= Search engine marketing in China =

As of 2010, the largest internet enterprises in China were Baidu, Tencent, and Alibaba followed by Soso, Sogou, Bing, and Yahoo. In March 2010, Google which had been in the list from 2000, was forced to pull out from China because of a heated dispute with the Chinese Government regarding the censoring of search engine results.

China also has banned Twitter, YouTube and Facebook. There are local Chinese versions available in the form of Sina Weibo and Youku.

The Great China Firewall's presence obviates international businesses from gaining a foothold in China's online market. This gives local businesses the opportunity to compete against each other. It also allows them to create their own platforms that can rival their western counterparts. An example of this is Baidu, China's search engine comparable to Google. Baidu controls 76% percent of China's market share.

==Assembling data==
While looking at marketing performance for a search engine, finding data and metrics are crucial for their business model. Within this data, companies and organizations can gather details in understanding and adjusting the efficiency and effectiveness in marketing. This course of action will drive businesses to a better ROI and decisions.

According to The Marketing Score Blog, several factors rely in evaluating the website's traffic.
A traditional metric showing the organization's marketing effort. Below are a few examples of what to look for in measuring the retrieved data.

- Social Media: What means of attracting more visitors to your brand? Facebook? Twitter? Customer service? Are two-way conversations being made through the said mediums? What drives the customers to your product, and does the media reach out to the appropriate audience?
- Website Traffic and subscribers: Much of the effort comes from having a keen awareness in managing via TOFU (top of the funnel), alongside, polish/reinforce your brand. All are possible by expanding through the different mediums to gather more visitors. And as the visitors grow, does the company maintain a constant activity through updates?
- Customer Retention Rates (CRR): Some managers may not pay much attention to long term customers as a measurement. In fact, marketing should keep a keen sight and ideas to remain a hold on such customers. Different company departments should discuss and form new plans, for customers could act as a representative for their product.

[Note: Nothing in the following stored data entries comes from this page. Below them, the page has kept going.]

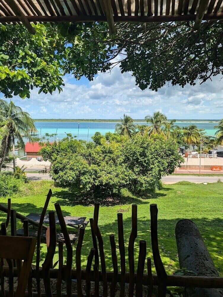 Mango y Chile Bacalar es ese sitio que combina vista directa a la laguna, vibra relajada y comida plant‑based bien hecha. Está junto al Fuerte de San Felipe, así que llegas caminando desde el centro sin complicaciones. La propuesta es sencilla y honesta: antojos de comfort food en versión vegana, con ingredientes cuidados y un ambiente que invita a quedarse un rato más.
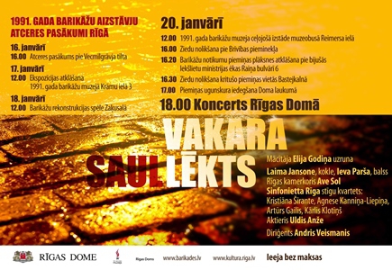 Programma “Vakara saullēkts” iecerēta kā godinājums mūsu kopīgajai pagātnei un atgādinājums par sakņu sajūtas un kopīgās atmiņas nepieciešamību. 1991. gada janvāra notikumi ievilka dziļus vaibstus Rīgas sejā un kļuva par neizrokamiem robežstabiem mūsu neatkarības ceļā. 20. janvāra vakarā Rīgas Domā cilvēka balss savīsies ar kokles skaņu sidrabaino burvību un stīgu kvarteta klasisko tvirtumu, lai ieceltu mūs mūzikas šūpulī vakara saullēkta zeltainajā atblāzmā uz Vecrīgas bruģa un debesīs virs Daugavas.
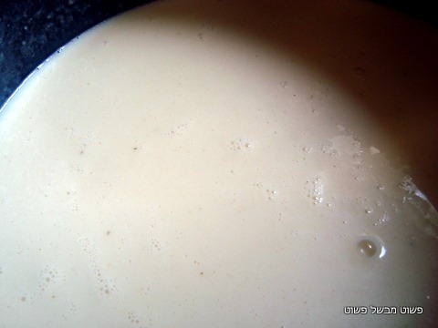 מוסיפים ליטר חלב ומערבבים היטב. מחזירים לאש וממשיכים לערבב בעזרת מטרפה עד שמתקבלת רביכה אחידה. מתבלים באב' מרק עוף, מלח ופלפל.
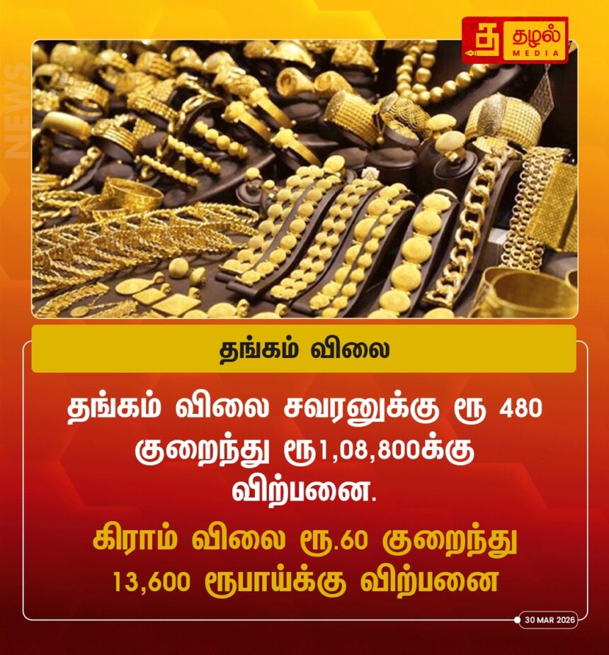 தங்கம் விலை சவரனுக்கு ₹480 குறைந்து ₹1,08,800க்கு விற்பனை. கிராம் விலை ₹60 குறைந்து ₹13,600-க்கு விற்பனை
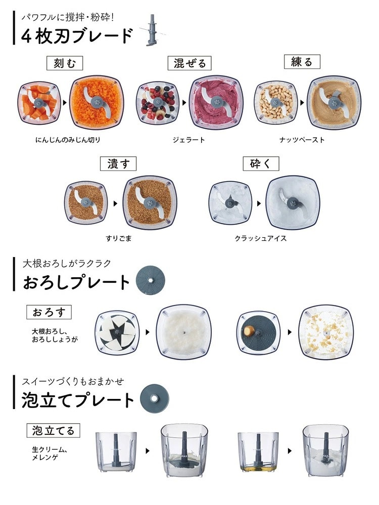 | 「おろし」「泡立て」の機能を追加!1台7役フードプロセッサー |

An additional example, provided by the CMI (Content Marketing Institute), they utilize the KPI (Key Performance Indicator).

- Analyzing the medias: Keep track of the growth in social medias and web traffics, which in turn, helps pinpoint the growing trend and assemble customer's comments. These two factors help in creating updates that will help spread the brand, however, it is more important to keep records of dialogues with the customers. This will greatly help in strategize a plan that meets their interest.
- Follow up actions: Stay with information that you can pursue into an action. As one example, the CMI has created a document which tracks social medias on a regular basis. After careful observations of these KPIs, the team has changed its directions to variables that they can take action on; The interactions with subscribers, varying exchange rate in emails, and invitations/sign ups for events.
- Collection and Analysis: Through several automated systems, including CMI's very own, the team can take a look at all the data recorded into the dashboards. Afterwards, the data must be read to get a grasp on the next marketing opportunity and adjustments.

==China's media environment==
While having their own popular social media platforms, their contents differ compared to the western counterparts. Sina Weibo, China's Twitter, centers around retweeting the same topic over and over. Though it lacks in variety, the post itself will gain a large visibility among users. Whereas, Twitter focuses on current events that circulate for a short time.

As stated in the start, China greatly emphasizes in local entrepreneurship. Due to the competitive nature, it is not surprising to see a company attack its rival with criticisms. It is often advised to monitor the sources carefully when comparing reviews of the competitor's, as well, your own. A misstep can be made when coming with a conclusion based on faulty information gathered without careful examination.

Because of the different environment, it is best to adapt to the new domain, and reconfigure your strategy. Competition between locals is the norm: Various platforms Youku and Tudou, Sina Weibo and Weixin, Renren and Kaixin001 etc.
are some of the largest companies comparing against each other in their field.